Obama was set to start his second day of events in Florida when the shootings occurred, prompting his team to address the violence at a previously scheduled rally in Fort Myers, Florida, and scrapping an event in suburban Orlando. Obama told supporters in Fort Myers that the shootings served as a "reminder that life is very fragile."

"Our time here is limited and it is precious. And what matters at the end of the day is not the small things, it's not the trivial things," he said. "Ultimately, it's how we choose to treat one another and how we love one another."

Romney echoed Obama's call for unity, saying at a previously scheduled event in Bow, New Hampshire, that he joined with the president and first lady in offering condolences for those "whose lives were shattered in a few moments, a few moments of evil in Colorado."

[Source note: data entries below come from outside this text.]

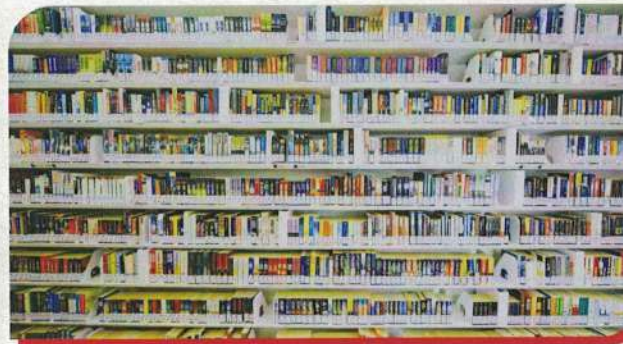
A View of the College Library & Reading Room

"The highest education is that which does not merely give us information but makes our life in harmony with all existence."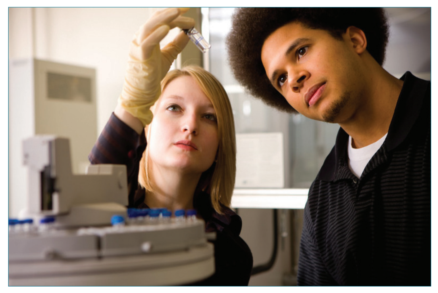
Students perform experiments in the Pharmacology laboratory at University at Buffalo. The "Finish in 4" program guarantees graduation for students who agree to keep their grades up and meet regularly with advisers.

people of the state gave us this land to educate them. We are committed to serving our population in the community and providing support to students."<sup>37</sup>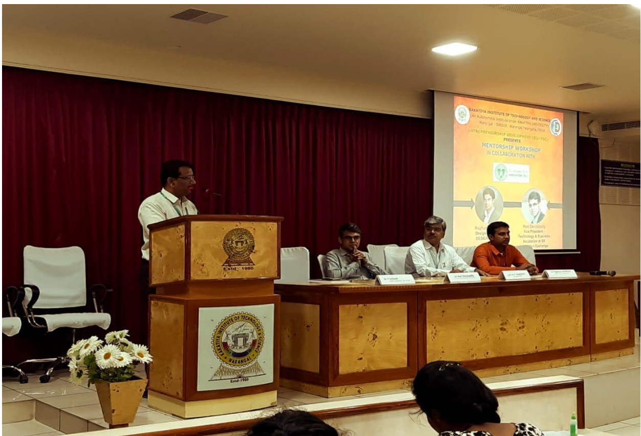
Inaugural session of Mentorship Workshop (31.01.2019)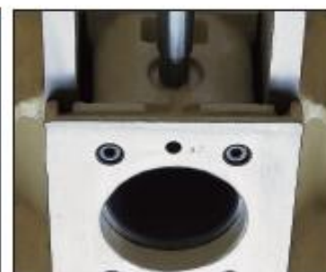
Precision hand scraped wheel head unit and its ways with continuous lubrication.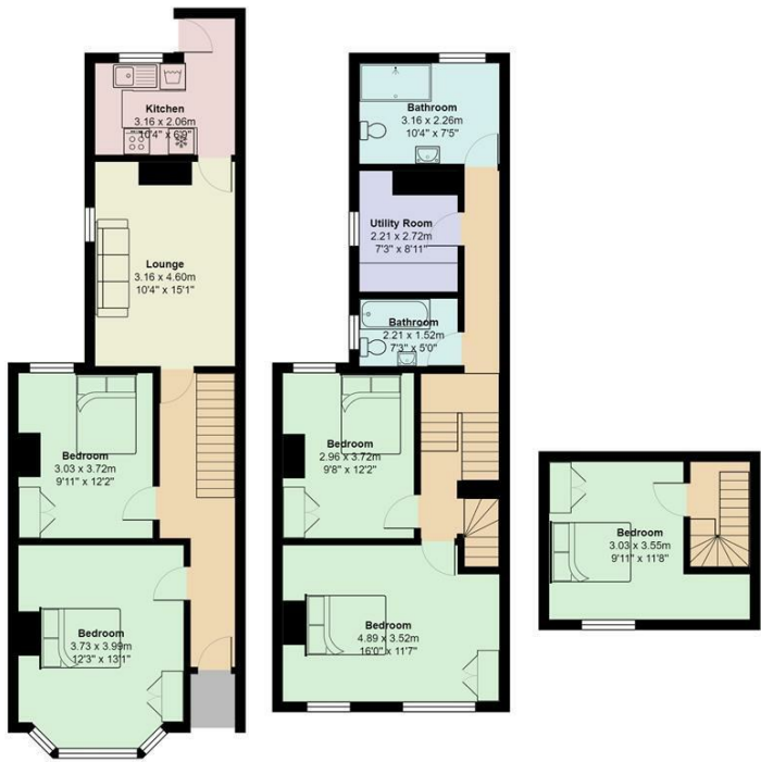
Mackintosh Place, Roath

Total Area: 137.2 m² ... 1477 ft² All measurements are approximate and for display purposes only.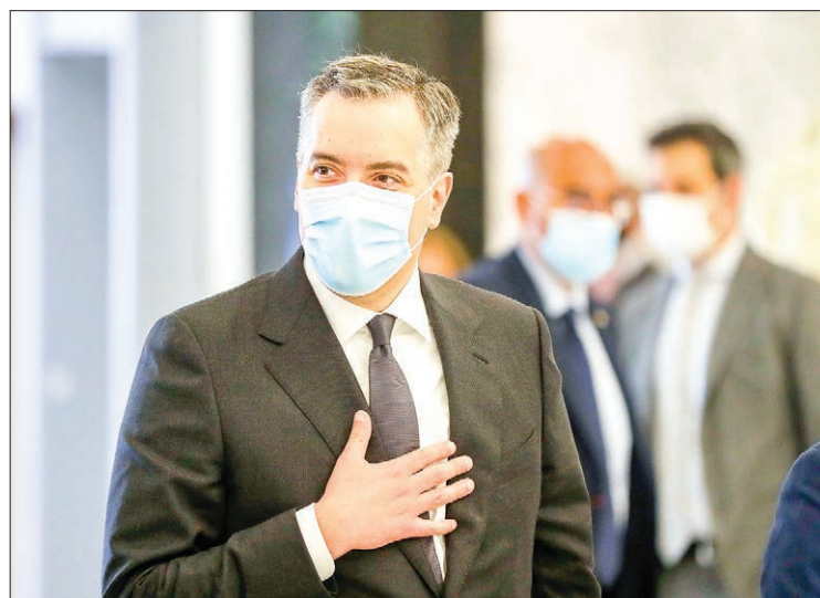
Lebanon's ambassador to Berlin Mustapha Adib (C) arrives at the presidential palace in Baabda, east of Beirut, on 31 August 2020, upon being named as the country's new premier.

"I want your trust," an AFP correspondent heard him tell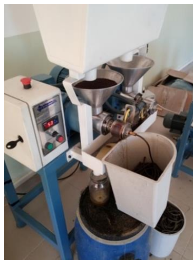
Figure 3 A screw press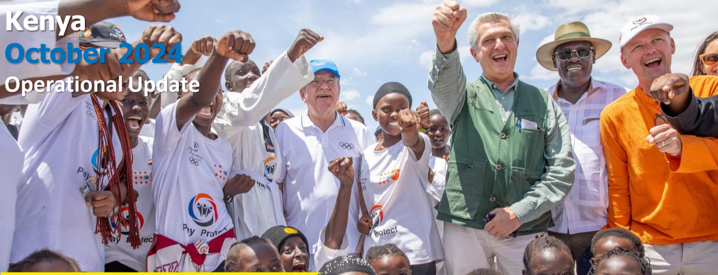
UNHCR High Commissioner Filippo Grandi and International Olympic Committee President Thomas Bach cheer alongside sports participants at the Kalobeyei Sports Complex on 26 October.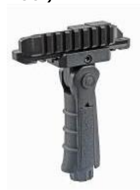
Railsystem with foldable grip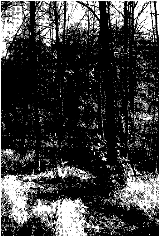
Figure 4. Top-killed bigleaf maple on the left bank, resprouting from the root crown. Dead red alders on the left bank are visible behind the maple. In the background are leafy crowns of black cottonwoods, bigleaf maples, and red alders on the right bank. Grasses in the foreground were killed by postfire herbicide applications associated with rehabilitation efforts.

Creek joined Whatcom Creek (Figure 1). Gasoline that had flowed into Cemetery Creek also ignited, so that this cottonwood was surrounded by flames, in contrast to all other cottonwoods in the burn zone.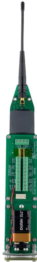
Mx152 Option-10 1.9" x 16.1" $1275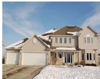
7324 Berkshire Circle Sprawling 5 bd, 4 ba 2 story SOLD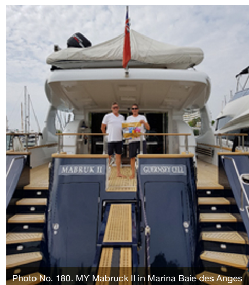
Photo No. 180. MY Mabruk II in Marina Baie des Angles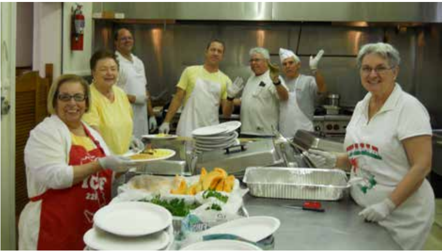
Branch 230 Breakfast Cooks egg it up for Scholarship Fundraiser.

Happy May! Hope you are all enjoying the Springtime!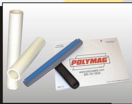
Adhesive Rolls & Hand Held Cleaning Rollers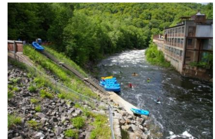
Staircase to the put in

Fortunately, this section of river builds in intensity as you go. Not long after the warmup II+/III rapids, you find yourself in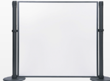
Extra Height Panel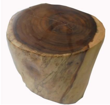
Monkeypod Bases #PM0013 Height 22 Inches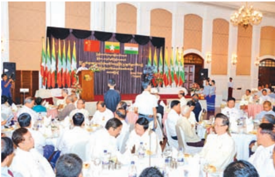
Union Minister U Wunna Maung Lwin addresses the ceremony to mark 60 th anniversary of the Five Principles of Peaceful Coexistence.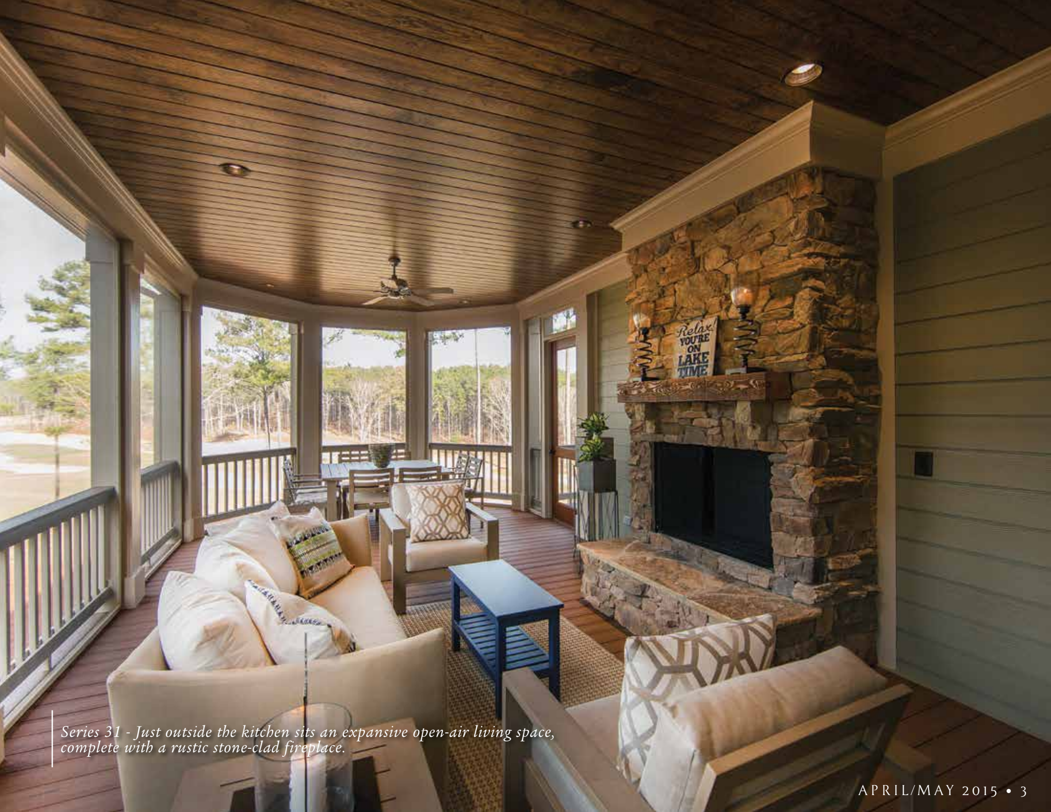
Series 31 - Just outside the kitchen sits an expansive open-air living space, complete with a rustic stone-clad fireplace.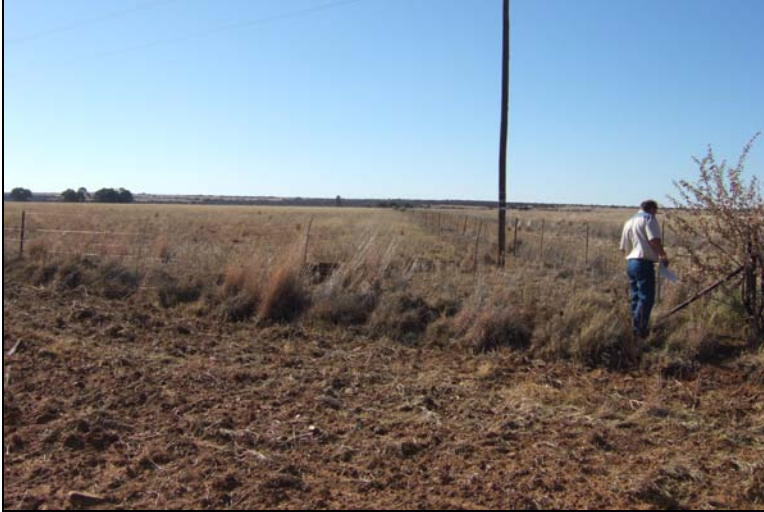
Fig.3 Point C at Syferfontein 2HP, Wolmaransstad.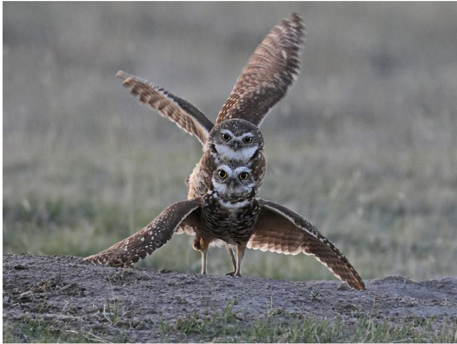
Mating Burrowing Owls near Wray, Colorado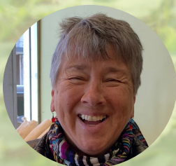
TAM - FarmTable Customer

"I love knowing that by shopping here, I'm helping local farming businesses and increasing the variety of foods I eat!"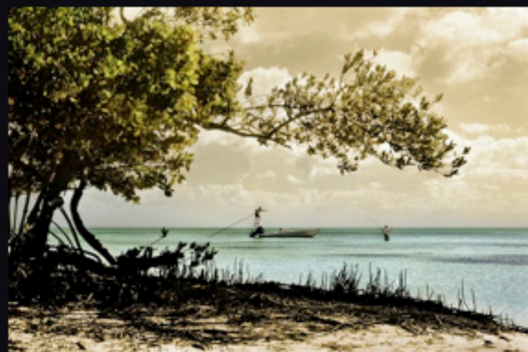
"Flats Fever - It's Catching!"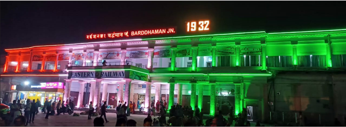
As part of Azadi Ka Amrit Mahotsav and in the run-up to the 79th Independence Day, Howrah Division of Eastern Railway has illuminated iconic locations, including Howrah Station, Bardhaman Station, and the Gitanjali Rail Museum at Bolpur, in tricolour. The Division is also actively promoting the Har Ghar Tiranga campaign, encouraging railway staff, passengers, and the public to capture photographs with the national flag.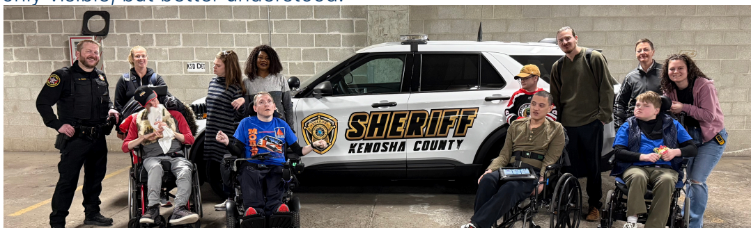
Members of Kappa Squad visiting Officers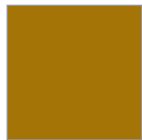
05 ●● 浅黄褐 Fawn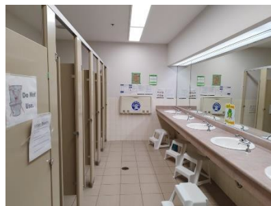
North washroom before renovation 北廁裝修前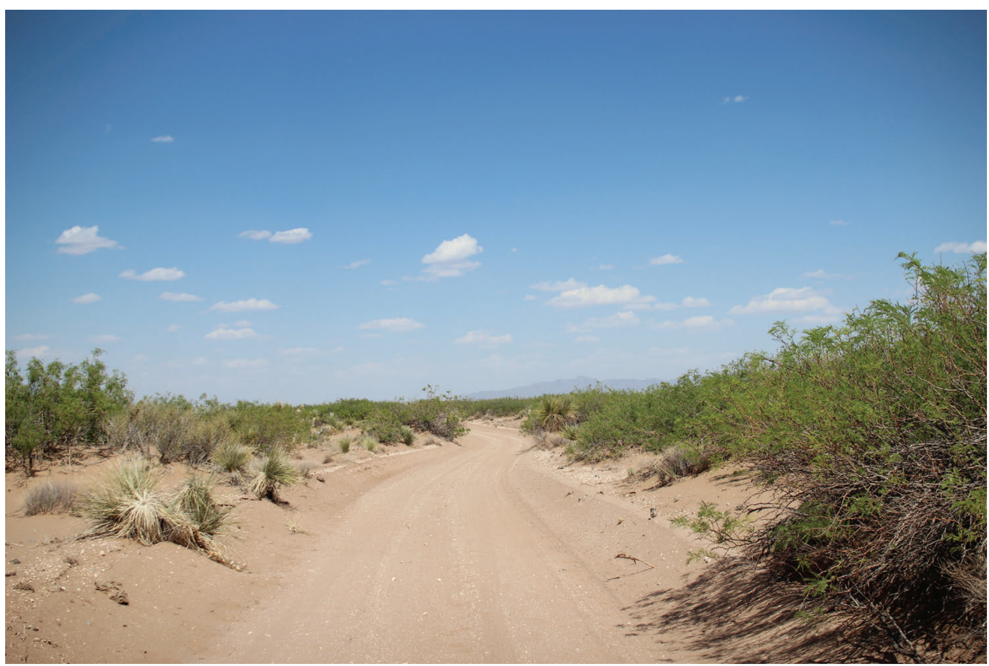
A. KOP S1-01. Existing view toward the representative ROW from County Road A11.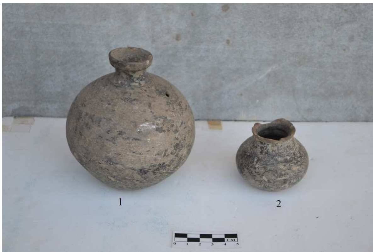
Pl. 6.2 Grey Ware associated with NBPW, Hastinapur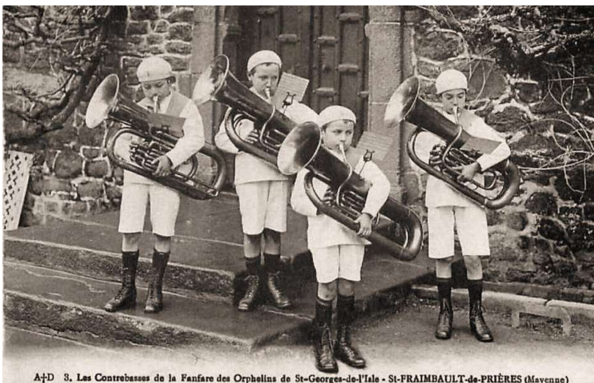
A+D 3. Les Contrebasses de la Fanfare des Orphelins de St-Georges-de-l'Isle - St-FRAIMBAULT-de-PRIÈRES (Mayenne)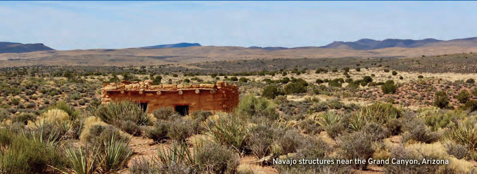
Navajo structures near the Grand Canyon, Arizona

Scenic America believes that all people deserve to live, work, and play in beautiful places—and we offer our gratitude to the Native peoples who teach us, by example, how to revere and respect the beauty all around us.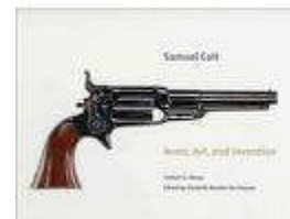
Samuel Colt's Revolver Patent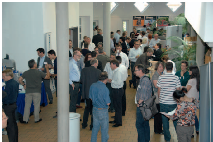
Discussions in the foyer of the Grüental Campus, ZHAW Wädenswil.

Sensors have been employed in on-line process control for many years, and reliable measurement of pH and oxygen is still absolutely crucial to bioprocess control. Although well-established methods have been in use for decades, new technologies for reliable measurement of these parameters are still being sought after. As an example, the currently available non-glass pH sensors are still limited in terms of their measuring range or robustness in harsh process environments.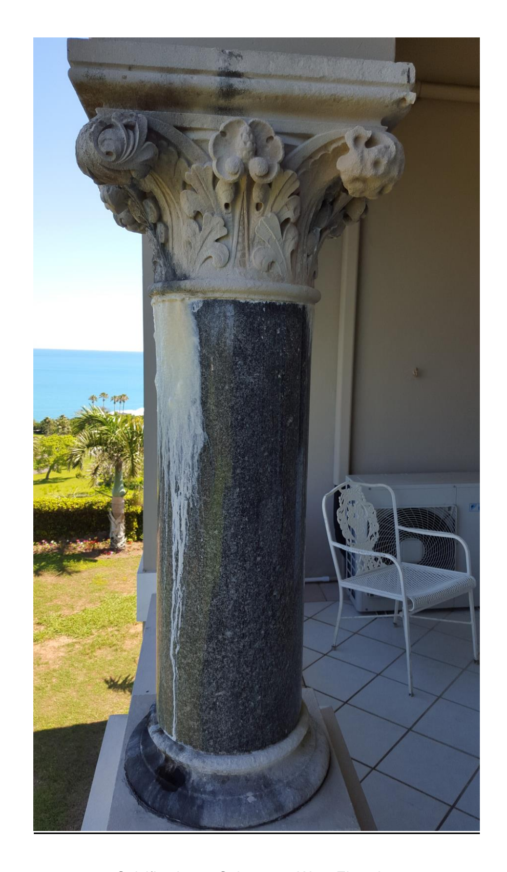
Calcification to Columns to West Elevation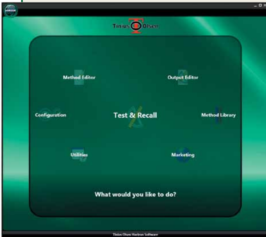
Fig. 1. Introduction screen and launch page for Horizon.

Tinius Olsen is proud to introduce you to the next evolution of testing software with our Horizon package. As part of our development process, we have taken the best features of our existing software offerings, including Test Navigator, QMat, and EP600 software, added a host of report writing and data manipulation capabilities and in the process, created a new, unparalleled testing platform that will make easy work of your materials testing programs, whether they're designed for the demanding rigors of R&D or the charting and analysis functions of QC testing.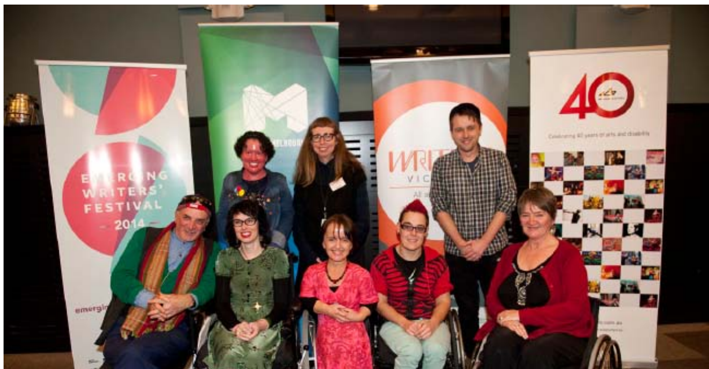
Write-ability Salon at the Emerging Writers' Festival.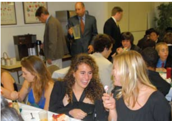
Annual holiday dinner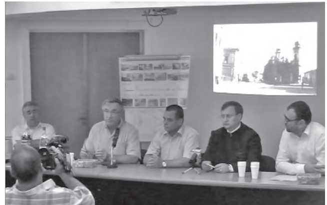
Fig. 8. Press conference held at The Argeș County Museum, July 13, 2007.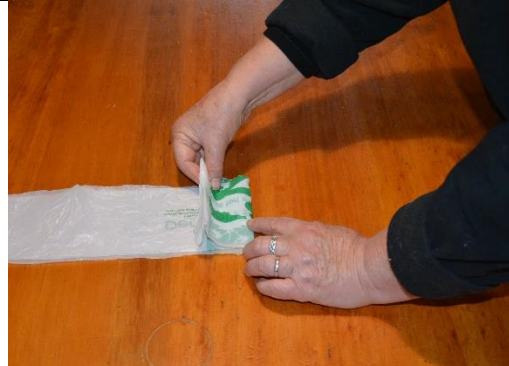
Figure 10: Concertina folding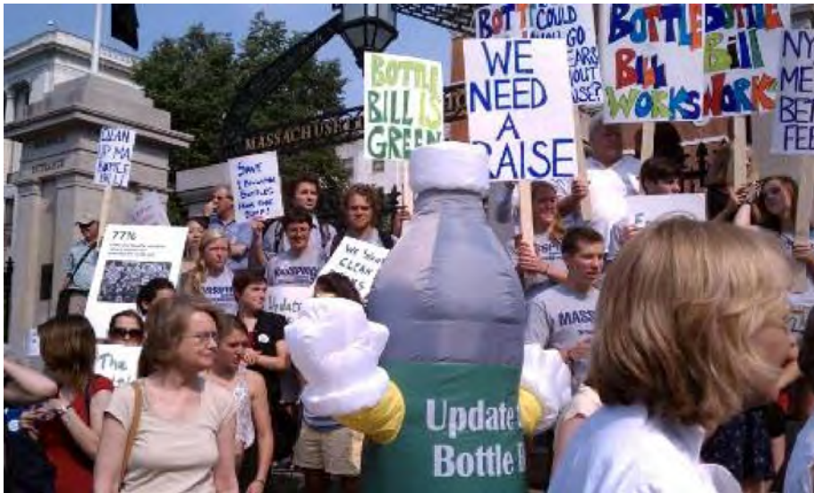
“Bottle Bill” leads the rally for the update.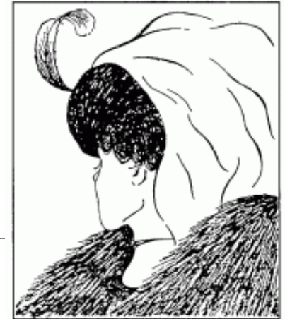
What do you see? By shifting perspective you might see an old woman or a young woman.

"The answer is that we can come together. We will show our fellow citizens the good heart of the America we know and love," Romney said.

Yet, beyond the calls for a higher purpose, the shootings could raise the profile of gun rights in the presidential campaign, an issue which has played a minor role so far.

As a senator, Obama voted to leave gun makers and dealers open to civil lawsuits, and as an Illinois state lawmaker he supported a ban on all forms of semiautomatic weapons and tighter state restrictions generally on firearms.

Following the killing of six people and wounding of then-U.S.­Rep. Gabrielle Giffords in Tucson, Arizona, in 2011, Obama called for a series of steps to "keep those irresponsible, law-breaking few from getting their hands on a gun in the first place."

Among those steps was a better federal background check system. The administration said Friday that it has indeed improved the amount and quality of information poured into that system, allowing background checks to be more thorough.

But the administration has offered no detailed, public explanation of how it is following up on all of Obama's previous promises, and it had no comment about any need for new legislation.

Romney backed some gun control measures when he was governor of Massachusetts. When he challenged Sen. Edward M. Kennedy in 1994 he declared, "I don't line up with the NRA." In April, Romney told the National Rifle Association, an influential lobbying group representing gun owners,  he was a guardian of the Second Amendment of the U.S.­Constitution. That amendment guarantees the right to bear arms.

Romney spokeswoman Andrea Saul said the Republican candidate believes that the "best way to prevent gun violence is to vigorously enforce our laws."